A quick digression to provide an example of this kind of resistance: Fred is a lawyer who saw me for about three years. One day he began telling me a story from when he was seven years old in which he was publicly humiliated and punished by his father for misbehaving at a large family gathering. Halfway through the telling, to his considerable surprise, Fred became tearful; he described how painful, humiliating, frightening the experience was. He’d told this story many times to friends and dates, but it always felt like an entertaining and mildly amusing anecdote. It was only in the context of our session that the buried part of the story emerged – the pain of it. And again why is this pain important? Why “get in touch”? Because that buried pain was never really gone. It was something that I and others who know Fred could always see in his tense, overly apologetic, even tortured speech, and in his social demeanor in general; and although he did not know why, Fred did indeed know that he was an unhappy, tense guy.

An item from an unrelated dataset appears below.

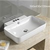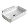 This rectangular sink features a ceramic construction and is designed to be installed as a above counter vessel. This vessel comes with a white enamel glaze finish. This product is for a 3h4-in. faucet.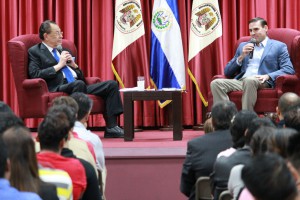Fue mediante un conversatorio que moderó el presidente la casa de estudios universitario, donde el actual diputado expuso su plan de trabajo en caso de llegar a la silla edilicia de San Salvador en las elecciones del próximo año.

Now to return to Jack, how do we know anything I said about him is true? Because – and again this point is made more explicitly and with more illustrations in the main website – when he would remember, discuss, and feel the pain of the memories that arose as we spoke, he would afterwards feel “calmer, lighter”, sadder “but saner”; this is now the pattern in many of our sessions. And most importantly outside of our sessions, as described above, facing those experiences has already resulted in a marked decrease in the many symptoms that originally drove him to seek treatment with me (as we saw with Fred, too.)